▸ Work item
With the images removed, repeat the data below exactly.

[Records from a collection]
════════════════
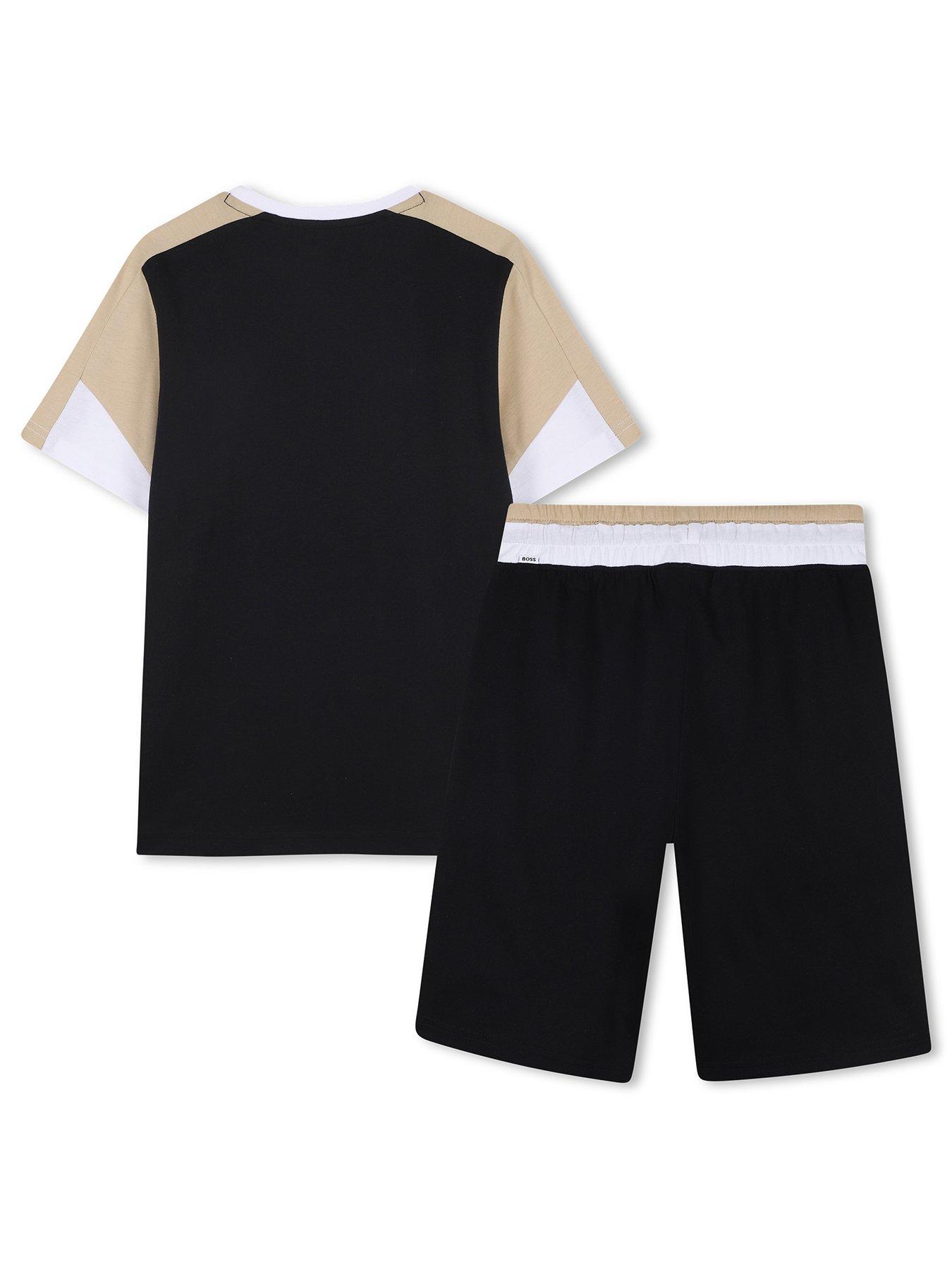 BOSS Boys Colour Block T-shirt And Short Set - BlackT-shirt and Bermuda shorts set in cotton jersey. T-shirt with color-coded shoulder cut-outs. BOSS logo on chest. Bermuda shorts with elasticated waistband in iconic colors and drawstring. BOSS logo printed at bottom.
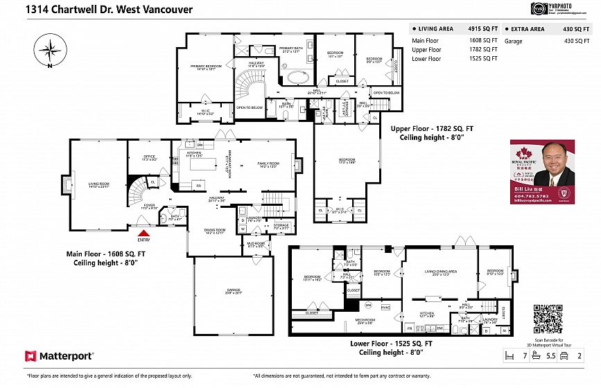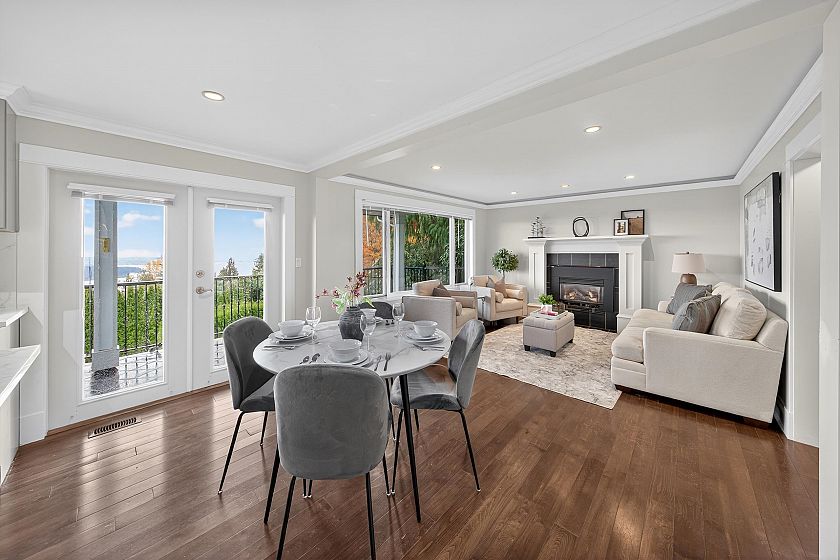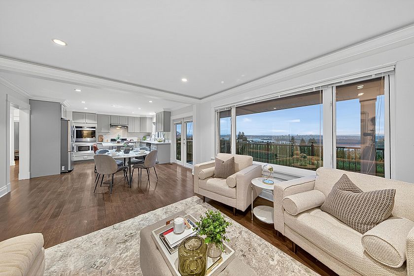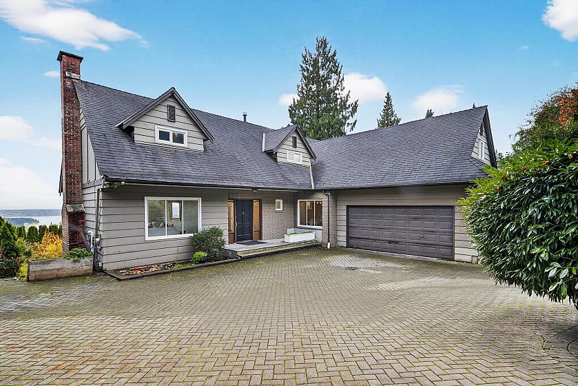 PRIME CHARTWELL location. Bright, spacious, 3 Levels, walk-out basement to the pool. Views ! Awesome city, harbour & ocean view. 7 Bdrm + Office. family room off kitchen, Double Stairs to 4 bedrooms and 3 bathrooms upstairs. Lower level has 3 bed with new carpet and 2 new bath rooms in-law suite. Renovated two kitchens include new painting, doors, window coverings, counter top, appliances, cabinet and upstar hardwood flooring. Spent 150k for replacing drainage pipe. 10 years old roof. Privacy and Gated 15 meters Swimming pool and covered Jacuzzi. For hold to build your dream home. Steps to Chartwell & Sentinel school, bus, Hollyburn Country Club.
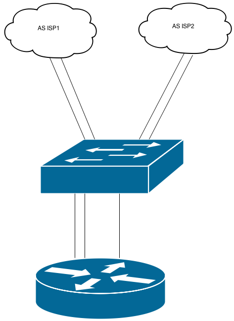 hpswgprk Posted February 10, 2015 Posted February 10, 2015 Здравствуйте, помогите, пожалуйста, со схемой балансировки исходящего трафика. К ISP 1 подключаемся через два VLAN. Multihop EBGP. К ISP 2 обычное EBGP соединение. От обоих получаем full view. Для простоты будем считать, что community не поддерживаются нашими аплинками. inb4 Купить ещё два микротика и балансировать между ними. Купить циску. Вставить ник Quote
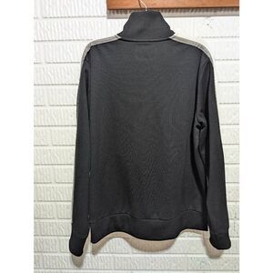 Stay stylish and comfortable with the Express Ladies Black Full-Zip Front Warm-Up Jacket. This long-sleeve jacket in size Large features reflective stripes for added visibility and safety. Perfect for workouts or casual outings, it combines practicality with a sleek, modern design. The full-zip front and lightweight fabric ensure ease of wear and layering, making it an essential piece for any active wardrobe
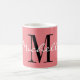 Klassische Korallenpink und individuelle Name Monogramm Kaffee Tasse. Entwerfen Sie Ihre eigenen personalisierten Becher. Elegantes mit Monogramm Namensdesign. Stilvolle Typografie-Vorlage mit Skripttext. Chic Birthday oder Weihnachten Geschenk Idee für Freunde, Familie, Mitarbeiter, Chef, Lehrer, Trainer, Kollegen, Mitarbeiter etc. Anpassbare Farben. Machen Sie Ihre eigene Tasse für Zuhause oder Büro.
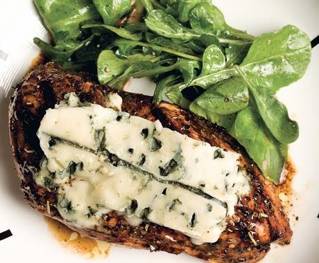- 1 3-to 4-ounce wedge blue cheese, cut into 6 slices
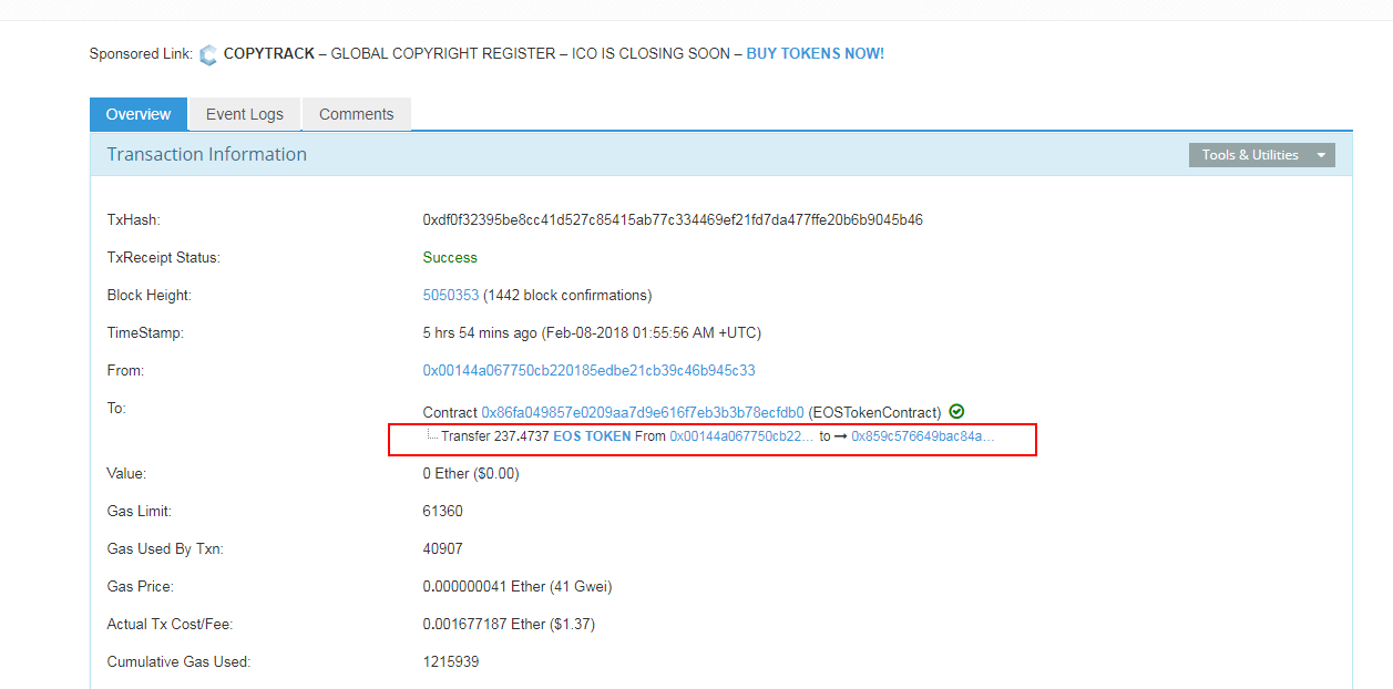查询交易信息状态,如果看到“transfer xxx EOS TOKEN”,说明提取成功。
════════════════
▸ Exercise answer
 BOSS Boys Colour Block T-shirt And Short Set - BlackT-shirt and Bermuda shorts set in cotton jersey. T-shirt with color-coded shoulder cut-outs. BOSS logo on chest. Bermuda shorts with elasticated waistband in iconic colors and drawstring. BOSS logo printed at bottom.
 PRIME CHARTWELL location. Bright, spacious, 3 Levels, walk-out basement to the pool. Views ! Awesome city, harbour & ocean view. 7 Bdrm + Office. family room off kitchen, Double Stairs to 4 bedrooms and 3 bathrooms upstairs. Lower level has 3 bed with new carpet and 2 new bath rooms in-law suite. Renovated two kitchens include new painting, doors, window coverings, counter top, appliances, cabinet and upstar hardwood flooring. Spent 150k for replacing drainage pipe. 10 years old roof. Privacy and Gated 15 meters Swimming pool and covered Jacuzzi. For hold to build your dream home. Steps to Chartwell & Sentinel school, bus, Hollyburn Country Club.
 hpswgprk Posted February 10, 2015 Posted February 10, 2015 Здравствуйте, помогите, пожалуйста, со схемой балансировки исходящего трафика. К ISP 1 подключаемся через два VLAN. Multihop EBGP. К ISP 2 обычное EBGP соединение. От обоих получаем full view. Для простоты будем считать, что community не поддерживаются нашими аплинками. inb4 Купить ещё два микротика и балансировать между ними. Купить циску. Вставить ник Quote
 Stay stylish and comfortable with the Express Ladies Black Full-Zip Front Warm-Up Jacket. This long-sleeve jacket in size Large features reflective stripes for added visibility and safety. Perfect for workouts or casual outings, it combines practicality with a sleek, modern design. The full-zip front and lightweight fabric ensure ease of wear and layering, making it an essential piece for any active wardrobe
 Klassische Korallenpink und individuelle Name Monogramm Kaffee Tasse. Entwerfen Sie Ihre eigenen personalisierten Becher. Elegantes mit Monogramm Namensdesign. Stilvolle Typografie-Vorlage mit Skripttext. Chic Birthday oder Weihnachten Geschenk Idee für Freunde, Familie, Mitarbeiter, Chef, Lehrer, Trainer, Kollegen, Mitarbeiter etc. Anpassbare Farben. Machen Sie Ihre eigene Tasse für Zuhause oder Büro.
- 1 3-to 4-ounce wedge blue cheese, cut into 6 slices
查询交易信息状态,如果看到“transfer xxx EOS TOKEN”,说明提取成功。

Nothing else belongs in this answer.